Aux plus jeunes qui souhaitent s’engager, je dirais que le numérique est un domaine où l’on peut agir très vite et à son échelle. L’écosystème du Trust & Safety reste en construction et a besoin de nouvelles perspectives, de profils capables de comprendre les usages, les codes et les évolutions rapides des plateformes, des technologies et des discours. L’engagement peut commencer de manière très simple : rejoindre une association, participer à des actions de sensibilisation, soutenir une personne prise pour cible, ou contribuer à rendre les espaces de discussion plus responsables. Souvent, ce sont ces premiers pas qui ouvrent ensuite des formes d’action plus durables.

Qui est Shani Benoualid ?

Shani Benoualid est conseillère pour le numérique et la lutte contre la haine en ligne à la DILCRAH (Délégation interministérielle à la lutte contre le racisme, l’antisémitisme, la haine anti-LGBT et les discriminations liées à l’origine). Elle y assure notamment la veille et le suivi des phénomènes de haine en ligne, accompagne les associations dans leurs actions, et coordonne des projets impliquant administrations, plateformes numériques, forces de l’ordre et société civile pour renforcer la prévention, améliorer le signalement et promouvoir la citoyenneté numérique.

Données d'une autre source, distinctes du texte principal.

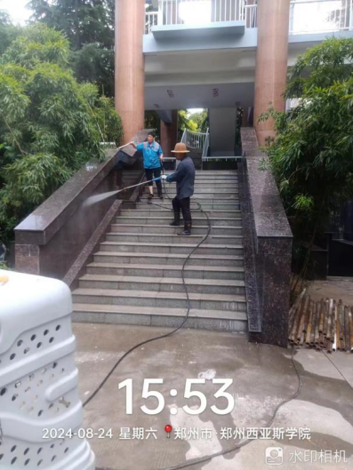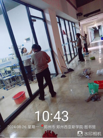 十五、对校园环境进行了1-10号楼楼梯冲洗清洁、CUBA除胶及玻璃清洁、北4北5发书现场清洁、地面冲洗、水系打捞、落叶清理、行政楼1-2层清洁、消杀等工作。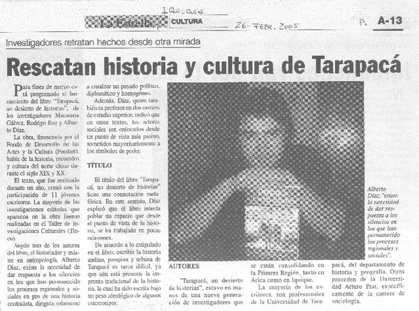 Rescatan historia y cultura de Tarapacá [artículo]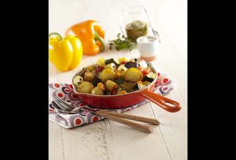 Ingrédients : 800 g de pommes de terre Ratte du Touquet • 1 courgette • 1 aubergine • 1 poivron jaune • 1 poivron rouge • 50 g de graines de courge dorées • 2 cuillerées à soupe de pesto • 1 cuillerée à soupe d’huile d’olive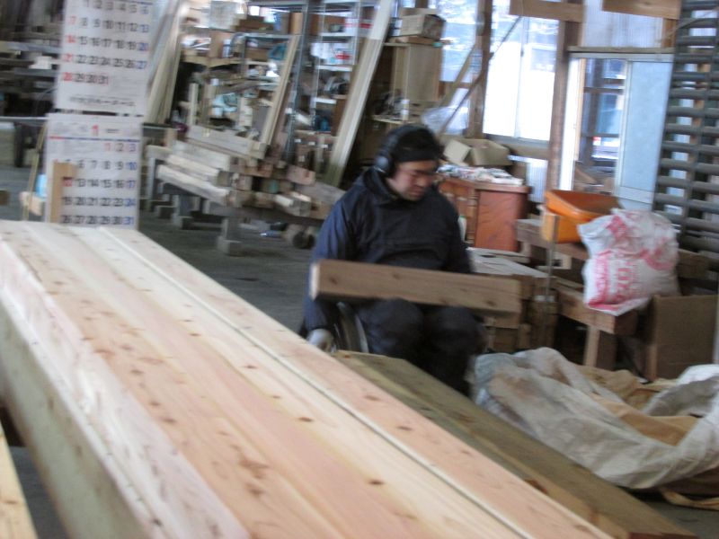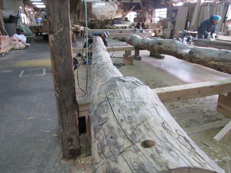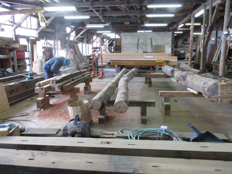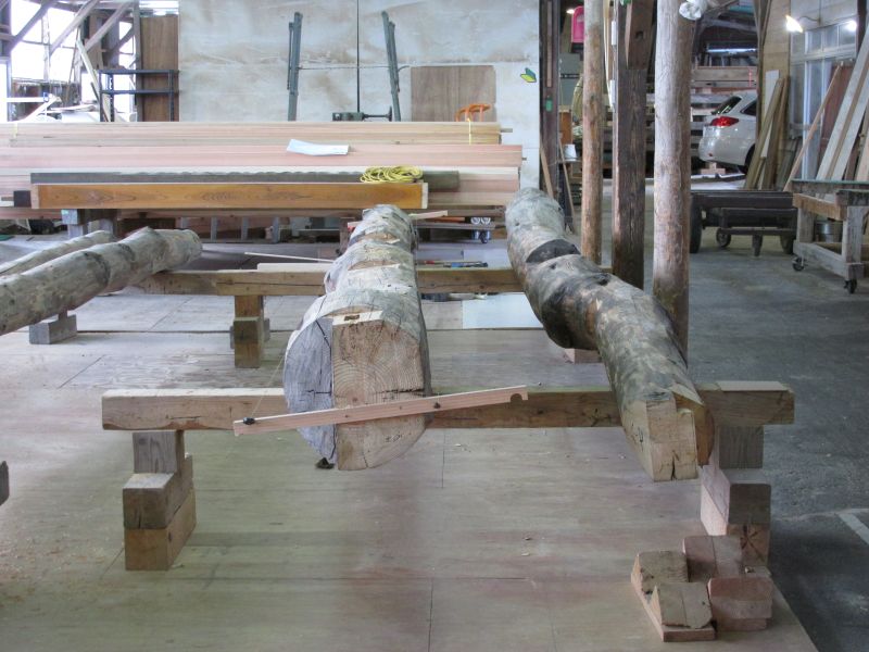 先日の車椅子大工が墨付けしていた古材の手刻みも進んでいます。

Elle est également cofondatrice de #jesuislà, un collectif citoyen actif sur les réseaux sociaux, dont les membres s’organisent pour intervenir dans les espaces de commentaires, soutenir les victimes de cyberharcèlement, apaiser les échanges et contrer les campagnes de désinformation. Le collectif mène en parallèle un travail de sensibilisation et de plaidoyer pour un espace numérique plus sûr et plus respectueux.

Engagée dans le débat public, elle est à l’initiative de tribunes collectives et a contribué à des ouvrages et rapports consacrés à la lutte contre la haine et au renforcement de la responsabilité des acteurs du numérique.